May 9, 2001, 10:29:12 AM5/9/01

to

>> Surely, regex, which is more complex than strstr will be slower?
>
> A Pentium III is more complex than an 8086, but which is slower?

What I'm saying is that the regex has to do far more that a simple
search just to do a simple search. Surely you could get a fixed string
search algorithm to be faster than a much more general purpose regex
algorithm.

The extra complexity doesn't achieve anything in this case.

Which is faster at integers, a 200MHz Pentium, or a 200MHz StrongArm?

(In all the benchmarks I've seen the strongarm is faster, and it is much
simpler)

-Ed

--
You can't go wrong with psycho-rats.

u 9 8 e j r (at) e c s . o x . a c . u k

Edward Rosten

unread,

May 9, 2001, 10:29:20 AM5/9/01

to

>>
>>Surely, regex, which is more complex than strstr will be slower?
>
> It would depend on the algorithm used, wouldn't it? I can imagine a
> brute-force string matching algorithm going slower than a regexp package
> which uses a better algorithm.

Good point. But the fastest fixed string algorithms have to be at least
as fast as regex ones (and likely faster by quite a bit).

-Ed

--
You can't go wrong with psycho-rats.

u 9 8 e j r (at) e c s . o x . a c . u k

Dann Corbit

unread,

May 9, 2001, 3:26:14 PM5/9/01

to

"Chris Kern" <ke...@grinnell.edu> wrote in message
news:clcm-2001...@plethora.net...

Even more so, it will be a function of the problem size. If I have ten
character strings, then strstr() will probably do better than regexp(). If I
have thousand megabyte strings, I doubt if there is any contest.

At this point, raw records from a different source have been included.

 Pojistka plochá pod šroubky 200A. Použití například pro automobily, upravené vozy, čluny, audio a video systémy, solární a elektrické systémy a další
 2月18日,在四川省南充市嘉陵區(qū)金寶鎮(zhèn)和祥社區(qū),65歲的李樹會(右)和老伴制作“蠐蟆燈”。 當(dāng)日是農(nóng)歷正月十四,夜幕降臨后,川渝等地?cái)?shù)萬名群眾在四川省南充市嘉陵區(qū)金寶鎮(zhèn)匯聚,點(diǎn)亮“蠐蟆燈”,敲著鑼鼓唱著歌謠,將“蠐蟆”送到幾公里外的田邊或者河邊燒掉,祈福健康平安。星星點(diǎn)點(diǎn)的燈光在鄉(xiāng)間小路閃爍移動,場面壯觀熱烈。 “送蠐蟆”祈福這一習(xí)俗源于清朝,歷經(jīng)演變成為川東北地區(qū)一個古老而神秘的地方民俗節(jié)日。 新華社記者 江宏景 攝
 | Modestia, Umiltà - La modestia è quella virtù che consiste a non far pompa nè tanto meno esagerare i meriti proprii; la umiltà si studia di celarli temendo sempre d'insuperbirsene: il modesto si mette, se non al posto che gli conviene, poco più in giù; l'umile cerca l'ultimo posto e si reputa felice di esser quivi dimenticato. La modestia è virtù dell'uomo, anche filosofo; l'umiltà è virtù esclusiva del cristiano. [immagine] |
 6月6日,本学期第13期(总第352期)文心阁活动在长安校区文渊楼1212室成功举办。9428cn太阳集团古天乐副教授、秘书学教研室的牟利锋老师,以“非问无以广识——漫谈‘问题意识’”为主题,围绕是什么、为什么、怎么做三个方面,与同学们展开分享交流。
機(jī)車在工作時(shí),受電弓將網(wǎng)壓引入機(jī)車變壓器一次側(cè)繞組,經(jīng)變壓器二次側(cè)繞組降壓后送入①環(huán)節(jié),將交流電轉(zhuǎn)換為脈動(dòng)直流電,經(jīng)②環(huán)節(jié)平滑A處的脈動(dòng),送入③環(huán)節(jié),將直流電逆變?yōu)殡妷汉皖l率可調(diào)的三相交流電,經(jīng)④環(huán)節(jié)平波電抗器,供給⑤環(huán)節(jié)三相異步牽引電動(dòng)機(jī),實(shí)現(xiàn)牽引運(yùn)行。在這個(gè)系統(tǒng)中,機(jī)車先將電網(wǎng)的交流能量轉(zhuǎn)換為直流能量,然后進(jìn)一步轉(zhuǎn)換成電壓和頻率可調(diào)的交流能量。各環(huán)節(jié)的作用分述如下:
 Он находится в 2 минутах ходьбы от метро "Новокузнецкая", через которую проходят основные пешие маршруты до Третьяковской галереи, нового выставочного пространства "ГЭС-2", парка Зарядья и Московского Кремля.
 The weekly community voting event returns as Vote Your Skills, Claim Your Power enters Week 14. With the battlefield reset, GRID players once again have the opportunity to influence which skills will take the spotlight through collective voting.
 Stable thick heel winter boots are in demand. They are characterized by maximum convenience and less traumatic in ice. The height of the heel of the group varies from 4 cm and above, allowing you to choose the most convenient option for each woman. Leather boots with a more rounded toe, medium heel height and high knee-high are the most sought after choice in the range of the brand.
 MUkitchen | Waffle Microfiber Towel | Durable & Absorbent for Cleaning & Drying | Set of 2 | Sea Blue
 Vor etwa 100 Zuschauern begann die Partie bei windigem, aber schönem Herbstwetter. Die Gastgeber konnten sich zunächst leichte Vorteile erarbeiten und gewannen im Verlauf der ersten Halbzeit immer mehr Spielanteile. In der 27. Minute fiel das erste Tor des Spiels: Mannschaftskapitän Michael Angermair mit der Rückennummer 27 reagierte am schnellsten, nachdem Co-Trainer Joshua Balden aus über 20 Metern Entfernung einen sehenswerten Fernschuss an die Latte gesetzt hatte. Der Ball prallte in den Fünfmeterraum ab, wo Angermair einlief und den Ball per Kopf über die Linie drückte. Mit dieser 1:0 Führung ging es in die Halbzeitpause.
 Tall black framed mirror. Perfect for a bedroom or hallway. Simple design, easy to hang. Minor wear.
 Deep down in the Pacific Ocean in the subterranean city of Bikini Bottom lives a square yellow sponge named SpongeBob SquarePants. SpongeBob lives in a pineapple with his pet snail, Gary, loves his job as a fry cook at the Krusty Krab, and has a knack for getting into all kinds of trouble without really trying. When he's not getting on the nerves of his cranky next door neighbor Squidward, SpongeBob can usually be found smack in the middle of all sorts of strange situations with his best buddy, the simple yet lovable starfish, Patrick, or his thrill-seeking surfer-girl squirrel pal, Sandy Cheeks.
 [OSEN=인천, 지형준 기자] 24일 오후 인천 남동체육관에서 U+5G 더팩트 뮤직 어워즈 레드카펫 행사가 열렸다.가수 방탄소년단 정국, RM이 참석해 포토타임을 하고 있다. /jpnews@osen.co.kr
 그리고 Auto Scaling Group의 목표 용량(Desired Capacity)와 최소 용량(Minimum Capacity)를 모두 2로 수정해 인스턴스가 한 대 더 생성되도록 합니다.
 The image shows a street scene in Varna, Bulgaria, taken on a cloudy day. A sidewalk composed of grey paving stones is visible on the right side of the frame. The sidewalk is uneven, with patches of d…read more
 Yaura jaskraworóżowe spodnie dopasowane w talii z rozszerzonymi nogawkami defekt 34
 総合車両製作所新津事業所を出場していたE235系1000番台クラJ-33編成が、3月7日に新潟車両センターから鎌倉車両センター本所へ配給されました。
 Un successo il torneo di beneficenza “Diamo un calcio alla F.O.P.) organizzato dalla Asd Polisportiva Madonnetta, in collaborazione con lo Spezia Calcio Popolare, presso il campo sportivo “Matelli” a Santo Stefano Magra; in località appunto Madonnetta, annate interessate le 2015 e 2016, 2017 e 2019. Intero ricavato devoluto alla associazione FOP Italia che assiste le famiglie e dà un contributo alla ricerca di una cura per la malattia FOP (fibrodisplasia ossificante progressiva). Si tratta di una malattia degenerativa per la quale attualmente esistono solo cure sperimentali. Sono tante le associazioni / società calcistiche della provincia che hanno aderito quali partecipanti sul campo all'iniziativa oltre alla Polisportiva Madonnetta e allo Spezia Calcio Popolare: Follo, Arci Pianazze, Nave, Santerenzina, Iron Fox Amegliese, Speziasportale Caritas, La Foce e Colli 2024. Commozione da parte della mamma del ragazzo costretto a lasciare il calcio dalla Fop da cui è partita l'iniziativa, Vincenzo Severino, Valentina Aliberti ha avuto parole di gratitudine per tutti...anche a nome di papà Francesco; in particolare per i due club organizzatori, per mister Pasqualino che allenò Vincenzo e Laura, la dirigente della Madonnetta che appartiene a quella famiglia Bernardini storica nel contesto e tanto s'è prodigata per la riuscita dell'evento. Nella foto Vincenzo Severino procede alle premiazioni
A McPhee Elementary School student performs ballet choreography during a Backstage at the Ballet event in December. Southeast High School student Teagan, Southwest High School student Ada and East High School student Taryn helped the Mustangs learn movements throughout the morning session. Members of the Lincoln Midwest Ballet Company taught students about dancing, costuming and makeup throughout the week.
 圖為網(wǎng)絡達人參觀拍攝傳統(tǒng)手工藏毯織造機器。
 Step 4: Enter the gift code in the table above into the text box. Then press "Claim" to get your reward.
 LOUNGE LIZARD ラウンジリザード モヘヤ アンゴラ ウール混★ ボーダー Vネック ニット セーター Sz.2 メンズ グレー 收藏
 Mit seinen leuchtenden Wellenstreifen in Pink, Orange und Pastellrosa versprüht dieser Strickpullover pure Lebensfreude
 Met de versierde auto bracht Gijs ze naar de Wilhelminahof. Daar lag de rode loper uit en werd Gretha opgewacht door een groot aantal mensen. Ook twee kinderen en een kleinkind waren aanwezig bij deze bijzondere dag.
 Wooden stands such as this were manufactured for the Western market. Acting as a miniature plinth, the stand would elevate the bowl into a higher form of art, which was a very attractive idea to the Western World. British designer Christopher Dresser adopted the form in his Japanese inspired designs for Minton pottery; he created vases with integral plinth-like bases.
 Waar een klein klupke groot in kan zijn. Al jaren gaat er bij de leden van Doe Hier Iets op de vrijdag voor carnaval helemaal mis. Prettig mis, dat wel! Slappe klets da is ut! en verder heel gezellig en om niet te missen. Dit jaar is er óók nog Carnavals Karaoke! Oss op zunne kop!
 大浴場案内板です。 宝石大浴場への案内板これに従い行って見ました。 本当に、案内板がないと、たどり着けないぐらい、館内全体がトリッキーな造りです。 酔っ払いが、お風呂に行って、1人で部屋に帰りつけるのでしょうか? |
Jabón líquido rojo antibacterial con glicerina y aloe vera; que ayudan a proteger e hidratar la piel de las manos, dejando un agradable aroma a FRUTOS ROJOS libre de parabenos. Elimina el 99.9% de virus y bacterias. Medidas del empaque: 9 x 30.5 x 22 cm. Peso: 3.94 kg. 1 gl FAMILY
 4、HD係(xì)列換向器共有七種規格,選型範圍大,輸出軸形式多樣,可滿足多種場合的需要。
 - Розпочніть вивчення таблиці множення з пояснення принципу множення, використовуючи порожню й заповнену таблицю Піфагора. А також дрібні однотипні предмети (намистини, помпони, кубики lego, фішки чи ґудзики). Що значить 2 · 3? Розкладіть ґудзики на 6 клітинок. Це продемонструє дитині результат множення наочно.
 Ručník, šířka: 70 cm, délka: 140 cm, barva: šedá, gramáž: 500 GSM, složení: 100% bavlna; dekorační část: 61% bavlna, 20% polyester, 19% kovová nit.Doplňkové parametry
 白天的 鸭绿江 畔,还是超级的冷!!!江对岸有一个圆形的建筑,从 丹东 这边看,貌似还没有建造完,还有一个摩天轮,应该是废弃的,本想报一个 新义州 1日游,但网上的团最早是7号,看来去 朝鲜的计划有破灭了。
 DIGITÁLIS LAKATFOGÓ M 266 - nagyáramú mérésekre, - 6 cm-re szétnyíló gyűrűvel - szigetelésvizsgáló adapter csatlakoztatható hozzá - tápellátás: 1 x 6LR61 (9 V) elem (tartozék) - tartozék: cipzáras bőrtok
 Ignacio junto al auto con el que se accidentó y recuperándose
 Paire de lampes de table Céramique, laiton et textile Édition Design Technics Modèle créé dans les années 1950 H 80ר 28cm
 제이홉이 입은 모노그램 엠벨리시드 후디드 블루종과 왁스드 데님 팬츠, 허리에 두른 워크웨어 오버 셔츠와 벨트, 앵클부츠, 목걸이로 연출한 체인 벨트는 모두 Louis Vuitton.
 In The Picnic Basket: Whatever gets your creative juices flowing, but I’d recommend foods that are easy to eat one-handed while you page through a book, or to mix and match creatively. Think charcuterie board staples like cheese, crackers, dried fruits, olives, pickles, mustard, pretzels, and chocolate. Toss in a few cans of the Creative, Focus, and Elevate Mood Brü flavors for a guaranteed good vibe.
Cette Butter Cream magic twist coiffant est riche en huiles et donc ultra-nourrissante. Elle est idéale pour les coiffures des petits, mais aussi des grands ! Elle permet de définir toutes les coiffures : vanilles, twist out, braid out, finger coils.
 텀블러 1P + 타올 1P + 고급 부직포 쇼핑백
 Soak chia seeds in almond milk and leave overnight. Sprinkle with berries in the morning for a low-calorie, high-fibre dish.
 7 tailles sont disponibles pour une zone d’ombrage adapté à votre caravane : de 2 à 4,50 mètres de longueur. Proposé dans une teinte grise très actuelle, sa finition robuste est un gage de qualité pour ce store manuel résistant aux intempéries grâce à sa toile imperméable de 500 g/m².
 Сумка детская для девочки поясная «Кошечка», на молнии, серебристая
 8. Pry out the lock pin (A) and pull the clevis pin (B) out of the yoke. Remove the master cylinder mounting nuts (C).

Then again, why not try a web search to find stuff like this:
http://www.cs.purdue.edu/homes/stelo/pattern.html
--
C-FAQ: http://www.eskimo.com/~scs/C-faq/top.html
"The C-FAQ Book" ISBN 0-201-84519-9
C.A.P. FAQ: ftp://cap.connx.com/pub/Chess%20Analysis%20Project%20FAQ.htm

Bill Medland

unread,

May 9, 2001, 3:26:04 PM5/9/01

to

Edward Rosten <lo...@my.sig> wrote in article
<clcm-2001...@plethora.net>...

> > with http://www.cs.utexas.edu/users/best-ideas/string-searching I have
>
>
> This URL 404's. Do you have another?
>
> cheers
>
> -Ed

Try http://www.cs.utexas.edu/users/moore/best-ideas/string-searching

Douglas A. Gwyn

unread,

May 10, 2001, 4:25:58 PM5/10/01

to

Bengt Richter wrote:
> Are you sure you were not just accidentally linking in a non-optimized
> version of some kind? People have been fiddling with those routines
> for a long time. They should be pretty tight.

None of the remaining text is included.